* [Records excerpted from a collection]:

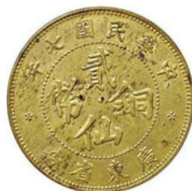
KT. 27 民国七年贰仙，黄铜
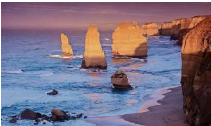
Die berühmte Felsformation der 12 Apostel.

Sydney – glitzernde Hochhäuser, malerische Buchten, das Sydney Opera House und die Harbour Bridge bei Nacht – eine Stadt, die man nicht so schnell vergisst. Eindrucksvolle Naturerlebnisse bieten die Blue Mountains, die Snowy Mountains, mit dem höchsten Berg Australiens, dem Mount Kosciuszko, die kargen Granithügel des Mount Buffalo Nationalparks und die wilden Gebirgszüge der Grampians. Der absolute Höhepunkt im Süden Australiens sind die wilden Küstenlandschaften des Port Campbell National-
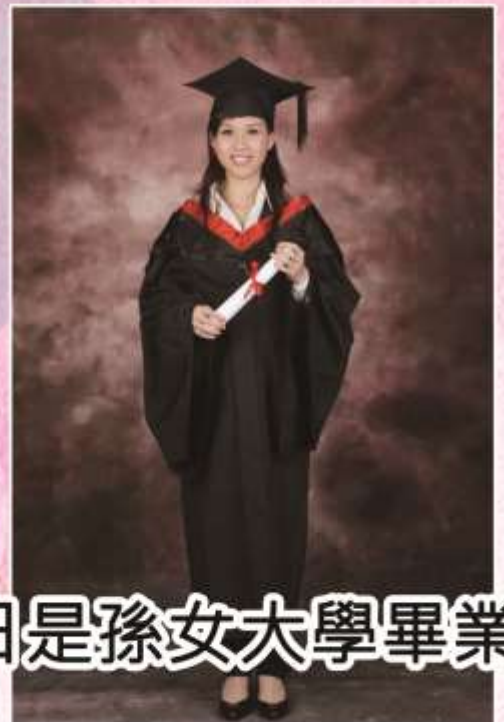
今天6月8日是孫女大學畢業
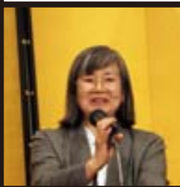
当選番号が次から次へと読み上げられる度、あちこちで喜びの声があがっていました。
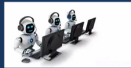
OPENVOICE 僅需10秒樣本即可語音複製
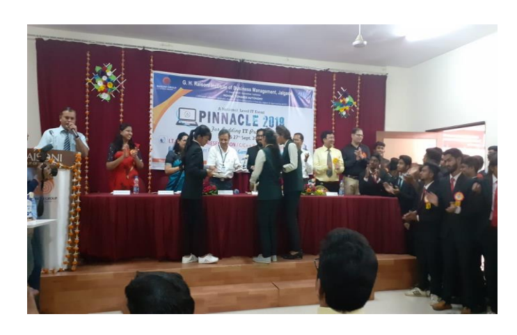
The Winners while receiving awards from dignitaries
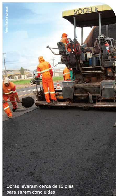
Obras levaram cerca de 15 dias para serem concluídas

o período, a Concessionária instalou sinalização especial no trecho, incluindo Painéis Eletrônicos Móveis de Mensagens Variáveis, para alertar aos motoristas.
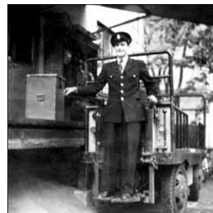
Posthistoria och brevbärarminnen.
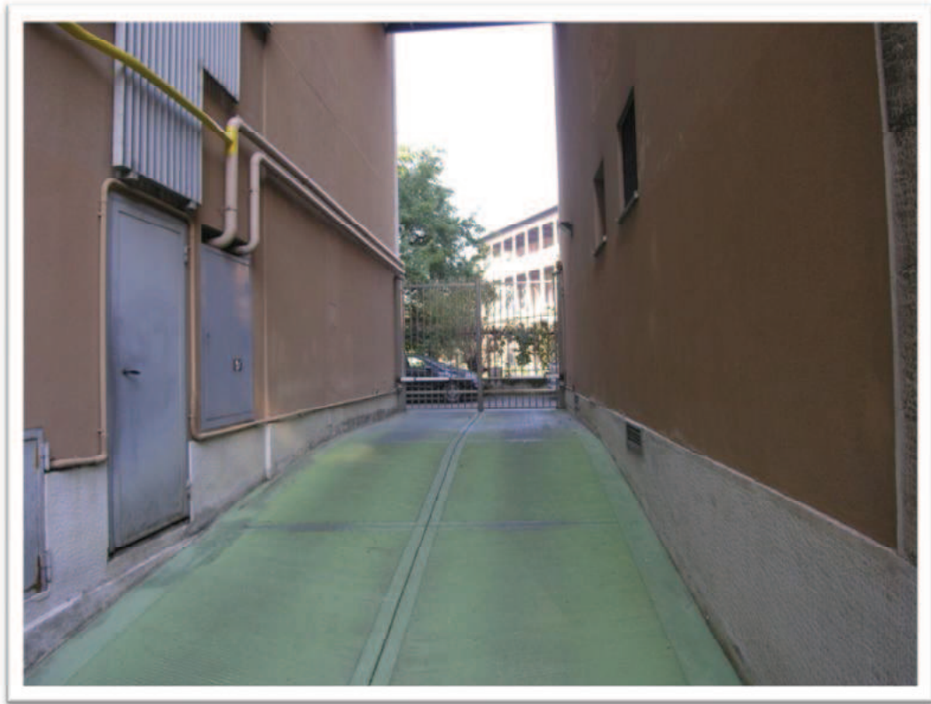
Accesso carraio dall'interno e rampa carraia.
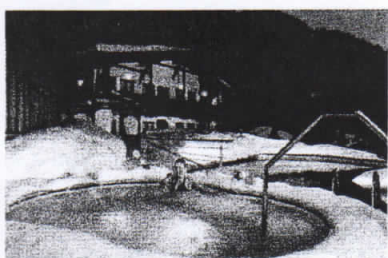
ALPIN WELLNESS HOTEL KRISTIANIA Via S. ANTONIO, 18 - COGOLO DI PEJO (TN) Tel. 0463.754157 - Fax 0463.746510 WWW.HOTELKRISTIANIA.IT

Quante cose racchiuse in una sola destinazione turistica. Siamo in Val di Sole, tra piste da sci che attraggono appassionati da ogni dove e una montagna incantata così ricca di scori naturalistici e sentieri da esplorare che non si esauriscono mai. E siamo anche a Pejo, dove la madre terra racchiude due fonti di acqua minerale tra le più pregiate, con un attrezzato stabilimento termale posto a circa 1.400 metri di altitudine. La nostra meta è l'Hotel Kristiania, una specie di istituzione da queste parti, principale struttura residenziale della valle, a Cogolo di Pejo, che è anche il centro delle attività sociali, economiche e culturali della città. Nel cuore delle Dolomiti, tra il profilo del Sassolungo e lo sguardo dominante del gruppo del Sella, in una posizione tranquilla, favorita da un clima soleggiato, si staglia questo imponente edificio, con un corpo principale e vari edifici di contorno. Atmosfera cordiale, ambienti accoglienti, quella sensazione di tranquillità fuori dal mondo che in Trentino quasi ovunque si riesce a respirare. Camere di differenti ampiezza e stile, predominanti legno e toni del bianco, a rendere ancora più personalizzata la vacanza degli ospiti. Servizi tutti di buon livello, con uno staff guidato con mano sicura da un management esperto. Che, da
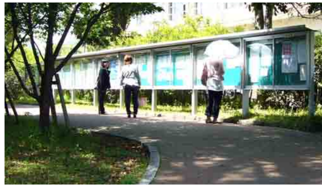
1 掲示版 時間割、試験、休講、補講、及び教室変更等、学生への連絡や通知を掲示します(休講情報はホームページにも掲載されます)。
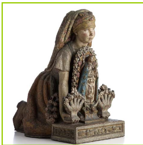
Filiña . Francisco Asorey. 1948
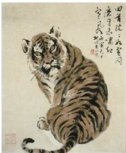
圖 50 林玉山，〈回首猛虎〉，1986，彩墨設色，75x61 公分，私人收藏
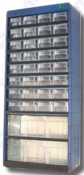
Nr. katalogowy P 38

Płaska, zamykana skrzynka o wymiarach 33cm x 22cm x 5cm z 18 przegródkami. Różne wymiary przegródek umożliwiają magazynowanie spinek o różnych gabarytach.
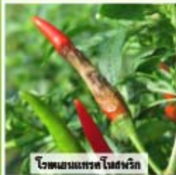
โรคแอนแทรกซ์ใบฝรั่ง
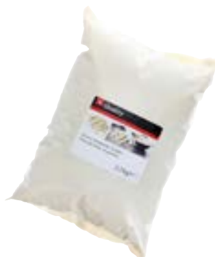
Couverture en gouttes blanches 28%
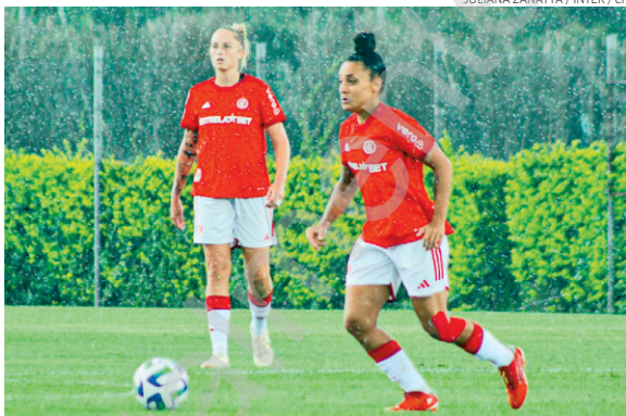
As Gurias Coloradas não perderam nenhum jogo dentro dos seus domínios
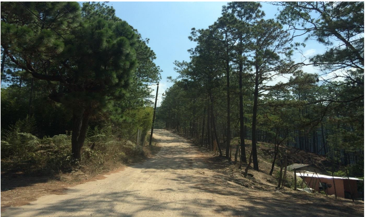
OTRA VISTA PANORAMICA DEL TRAMO A REPARAR
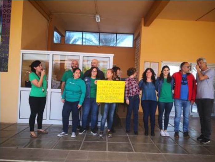
IES San Sebastián de la Gomera
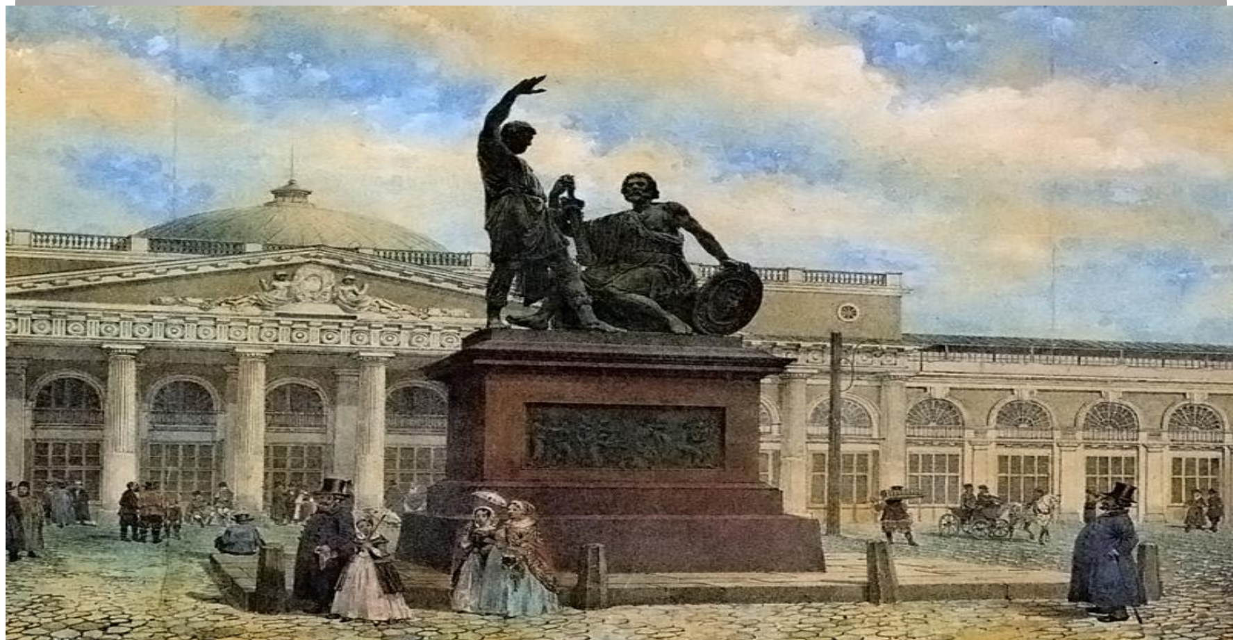
Памятник Кузьме Минину и Дмитрию Пожарскому в Москве.
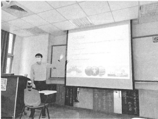
相關圖片 1 說明 演講者演講情形
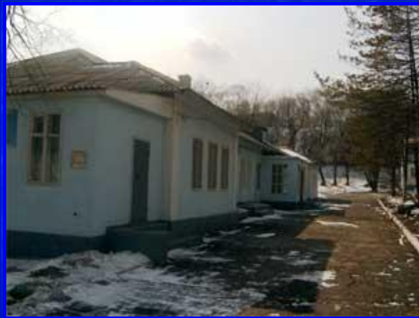
Вид на госпиталь со стороны внутреннего дворика (2007 г.)
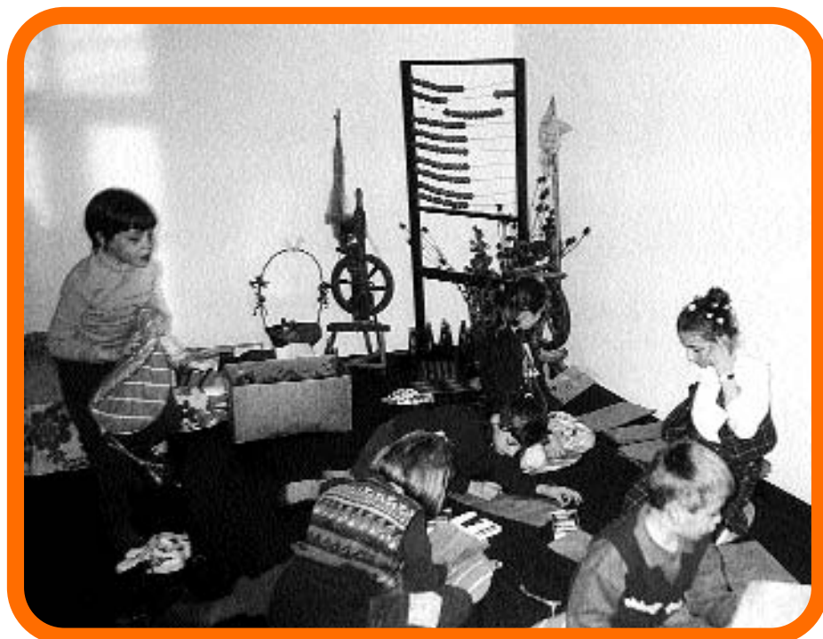
Djeca pripremaju izložbu nakon radionice: proljeće na vrećicama.

kolačiće od integralnog brašna i oslikavala papirnate vrećice. Te su proizvode volonteri Centra za mir prodavali na štandu postavljenom u središtu Osijeka 31. ožujka s ciljem prikupljanja sredstava za pokretanje akcije popravka krovništva crkvice u Latinovcu. Aktivisti Zelenog Osijeka dijelili su promotivne materijale o eko-hrani, a na štandu su svoje mjesto našli i proizvođači organski uzgojene hrane iz Slavonije i Baranje, te udruga BIOPA, čiji su članovi nudili građanima degustaciju i prodaju svojih proizvoda. Od 8 do 13 sati prodani su i podijeljeni svi ponuđeni proizvodi.

* [ABOUT THIS EXERCISE]: Each record above must be retyped exactly as given, with the images excluded.

* [RESPONSE FOR THIS EXERCISE]:
KT. 27 民国七年贰仙，黄铜
Die berühmte Felsformation der 12 Apostel.

Sydney – glitzernde Hochhäuser, malerische Buchten, das Sydney Opera House und die Harbour Bridge bei Nacht – eine Stadt, die man nicht so schnell vergisst. Eindrucksvolle Naturerlebnisse bieten die Blue Mountains, die Snowy Mountains, mit dem höchsten Berg Australiens, dem Mount Kosciuszko, die kargen Granithügel des Mount Buffalo Nationalparks und die wilden Gebirgszüge der Grampians. Der absolute Höhepunkt im Süden Australiens sind die wilden Küstenlandschaften des Port Campbell National-
今天6月8日是孫女大學畢業
当選番号が次から次へと読み上げられる度、あちこちで喜びの声があがっていました。
OPENVOICE 僅需10秒樣本即可語音複製
The Winners while receiving awards from dignitaries
Obras levaram cerca de 15 dias para serem concluídas

o período, a Concessionária instalou sinalização especial no trecho, incluindo Painéis Eletrônicos Móveis de Mensagens Variáveis, para alertar aos motoristas.
Posthistoria och brevbärarminnen.
Accesso carraio dall'interno e rampa carraia.
ALPIN WELLNESS HOTEL KRISTIANIA Via S. ANTONIO, 18 - COGOLO DI PEJO (TN) Tel. 0463.754157 - Fax 0463.746510 WWW.HOTELKRISTIANIA.IT

Quante cose racchiuse in una sola destinazione turistica. Siamo in Val di Sole, tra piste da sci che attraggono appassionati da ogni dove e una montagna incantata così ricca di scori naturalistici e sentieri da esplorare che non si esauriscono mai. E siamo anche a Pejo, dove la madre terra racchiude due fonti di acqua minerale tra le più pregiate, con un attrezzato stabilimento termale posto a circa 1.400 metri di altitudine. La nostra meta è l'Hotel Kristiania, una specie di istituzione da queste parti, principale struttura residenziale della valle, a Cogolo di Pejo, che è anche il centro delle attività sociali, economiche e culturali della città. Nel cuore delle Dolomiti, tra il profilo del Sassolungo e lo sguardo dominante del gruppo del Sella, in una posizione tranquilla, favorita da un clima soleggiato, si staglia questo imponente edificio, con un corpo principale e vari edifici di contorno. Atmosfera cordiale, ambienti accoglienti, quella sensazione di tranquillità fuori dal mondo che in Trentino quasi ovunque si riesce a respirare. Camere di differenti ampiezza e stile, predominanti legno e toni del bianco, a rendere ancora più personalizzata la vacanza degli ospiti. Servizi tutti di buon livello, con uno staff guidato con mano sicura da un management esperto. Che, da
1 掲示版 時間割、試験、休講、補講、及び教室変更等、学生への連絡や通知を掲示します(休講情報はホームページにも掲載されます)。
Filiña . Francisco Asorey. 1948
圖 50 林玉山，〈回首猛虎〉，1986，彩墨設色，75x61 公分，私人收藏
Nr. katalogowy P 38

Płaska, zamykana skrzynka o wymiarach 33cm x 22cm x 5cm z 18 przegródkami. Różne wymiary przegródek umożliwiają magazynowanie spinek o różnych gabarytach.
โรคแอนแทรกซ์ใบฝรั่ง
Couverture en gouttes blanches 28%
As Gurias Coloradas não perderam nenhum jogo dentro dos seus domínios
OTRA VISTA PANORAMICA DEL TRAMO A REPARAR
IES San Sebastián de la Gomera
Памятник Кузьме Минину и Дмитрию Пожарскому в Москве.
相關圖片 1 說明 演講者演講情形
Вид на госпиталь со стороны внутреннего дворика (2007 г.)
Djeca pripremaju izložbu nakon radionice: proljeće na vrećicama.

kolačiće od integralnog brašna i oslikavala papirnate vrećice. Te su proizvode volonteri Centra za mir prodavali na štandu postavljenom u središtu Osijeka 31. ožujka s ciljem prikupljanja sredstava za pokretanje akcije popravka krovništva crkvice u Latinovcu. Aktivisti Zelenog Osijeka dijelili su promotivne materijale o eko-hrani, a na štandu su svoje mjesto našli i proizvođači organski uzgojene hrane iz Slavonije i Baranje, te udruga BIOPA, čiji su članovi nudili građanima degustaciju i prodaju svojih proizvoda. Od 8 do 13 sati prodani su i podijeljeni svi ponuđeni proizvodi.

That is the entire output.